A pic of a big tite spot maple removal, waitin' on the crane and a few other things. More pics at "You can call us the the tree guy" ers thread:


----------



## DDM (Jun 26, 2002)

Roger, Could you rotate them before you post them i already had a crick in my neck


----------



## Kevin (Jun 26, 2002)

Tree Guy, why are your pictures sideways? 
You need to start an album RB.


----------



## rbtree (Jun 27, 2002)

Oops, sry fellas...

forward the chiro bill to me, just keep it under $125 cdn funds

The term was tree guy ers... to please Mike M


----------



## Nickrosis (Jun 27, 2002)

If you want, you could ask Gerald if his book is a good buy. He is a frequent poster at: triple w, dot, t, r, double e, b, u, double z, dot, c, o, m. Or you could read the sticker off Mark Chisholm's helmet in Stihl ads.

Nickrosis


----------



## Treeman14 (Jun 27, 2002)

*Waiting on crane????*

RB, if you were getting a crane, why did you bother with all that rigging? Would it not have been faster, easier, and safer to do the whole tree with the crane?
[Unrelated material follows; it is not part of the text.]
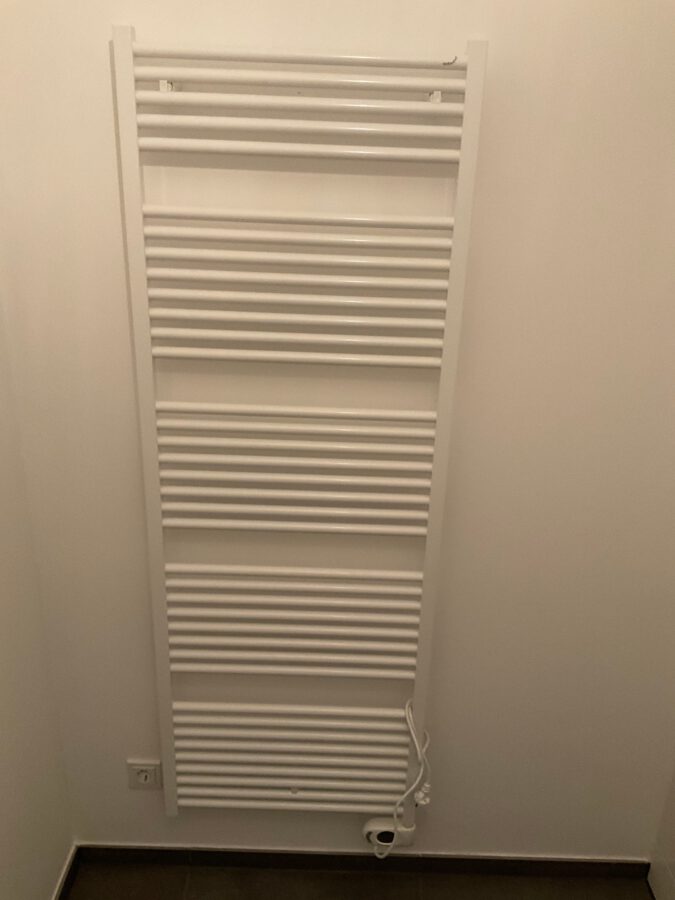Der Waschmaschinenanschluss befindet sich im Badezimmer.
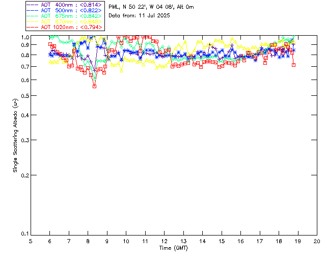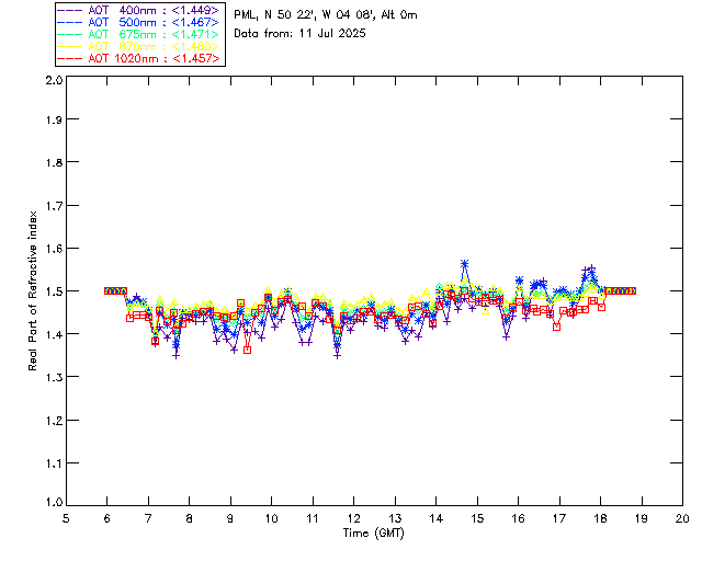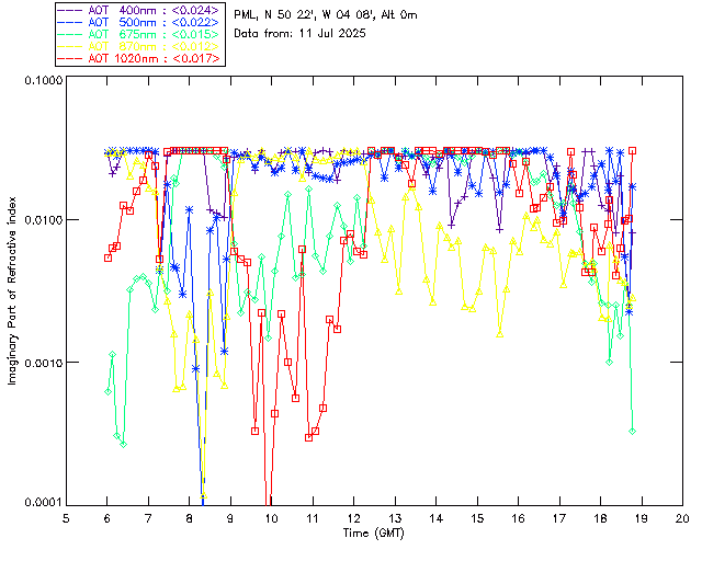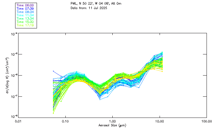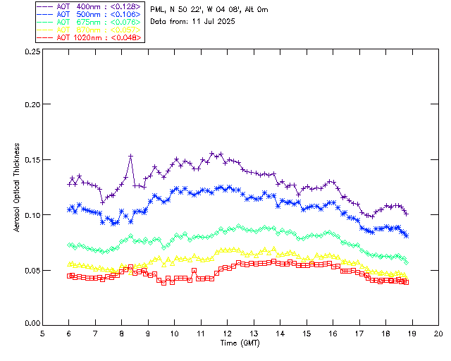 In May 2001 a PREDE POM01-L was installed on the roof of the Plymouth Marine Laboratory to continue the atmospheric correction research of the PML Remote Sensing Group. This was to replace the AERONET CIMEL sunphotometer situated at Rame Head which was decommissioned in 1999. The instrument operates at 7 wavelengths (315, 400, 500, 670, 870, 940 and 1020nm) and scans at pre-set angles away from the solar disk to determine, using the inversion code of Nakajima et al. (2006), various properties of tiny particles called aerosols within the atmospheric column. From these measurements useful atmospheric aerosol parameters such as the Aerosol Optical Thickness (AOT), aerosol size distribution and single scattering albedo can be calculated. Marine aerosols tend to be bigger (D > 1µm) than those generated over the land (0.01 < D < 1µm) and are of a different chemical composition; marine aerosols are salt particles whereas terrestrial aerosols are sulphate compounds.

Just a thought from a guy who does a couple crane jobs a week.


----------



## TheTreeSpyder (Jun 28, 2002)

i think Mr. Bernarek's book is great; it will lend a wide, wealthy background of info for function and lore to your repetoire. Even if it stretches to a diffrent league to test its theories; i think you will find something for yourself there. "Arborist Equipment seems to be a favorite; Sherrill#16195

2 of my favorites are "On Rope" Padget and Smith for understanding rope, friction, pullies etc. Sherrill #16201 and "Professional Timber Falling-A Procedural Approach" by D.Douglas Dent for understanding hinging, holding wood etc.

i have taken Mr. Dent's models of using holding wood to manipulate a natural fall's off side pull(head lean) and turned it sideways for rigging in the tree. The holding wood always goes topside of the hinge, to oppose the direct downward pull of gravity. So you can nip/eliminate some of the fiber at the bottom of the hinge (when folding to the side), for you don't need that holding wood keeping the limb from falling up, so you can manipulate it and schedule it so at tearing and folding of the fibers- leaves a neat upper triangle at finish. This is from those supporting/usherring/folding fibers (of the upward triangle) tearing off as the faces slam close prying the hinge's holding wood apart............


----------



## Tom Dunlap (Jun 28, 2002)

I'm with Spidey on this one too. Jerry's book and Dent's are great. Arbo Equpiment by Blair should sit right next to those other books on every arbos bookshelf.

Start at one cover and read all of the way to the back cover. don't skip anything. Jerry's CD is a great buy too.


Tom


----------



## rbtree (Jun 29, 2002)

HI Brett,

I considered the crane ( only a 17 ton boom)for the whole job, but decided against it for several reasons:

Very tite spot for staging crane and tree parts.

87 feet of boom not enough to safely get the cable above the branches.

Crane fees go way up when used for limbing, too time consuming unless huge parts can be taken, an impossibility with this tree.

I thought of using it for some of the limbs, but that would not have worked either, unless we lowered out the back of the tree and the top first, before he got there. 

Anyhow, the speedlining was fun, not overly hard, or awfully slow.


----------



## rbtree (Jun 29, 2002)

How's about this cornus kousa?!! We have it all tied back, it barely survived the carnage....Phew.

looks like john's brain bucket fell off.......

And the freshly washed truck/chipper....bout time!!


----------



## rbtree (Jun 29, 2002)

Oops, dubble pic, sorry.

How bout this view, eh?!

Too bad it was a bit hazy, and the cedar is in front of Mt Rainier. Plus, the Juanita hills obscure most of the Cascades.

Dang, the sun left us yesterday, and it rained all day today.

I'm going to a logging show manana, then a party at Crystal Mt ski area, dang this PNWet anyhow!!!


----------



## rbtree (Jun 29, 2002)

Free dropping is always fun, specially into postage stamp lz's....

We had the Hobbs all set up, guess we just got casual, lazy or...

I was shooting pics for two hours plus, let the guys do their thing..... The other side of the tree had just enuf room to free drop 4-6 footers, that is faster than lowering, as it frees up the groundies to do other things. But we could have lowered out those two on the house side, I reckon.


----------



## rbtree (Jun 29, 2002)

oops, sorry guys, thought I was on my thread.....

my bad.....


----------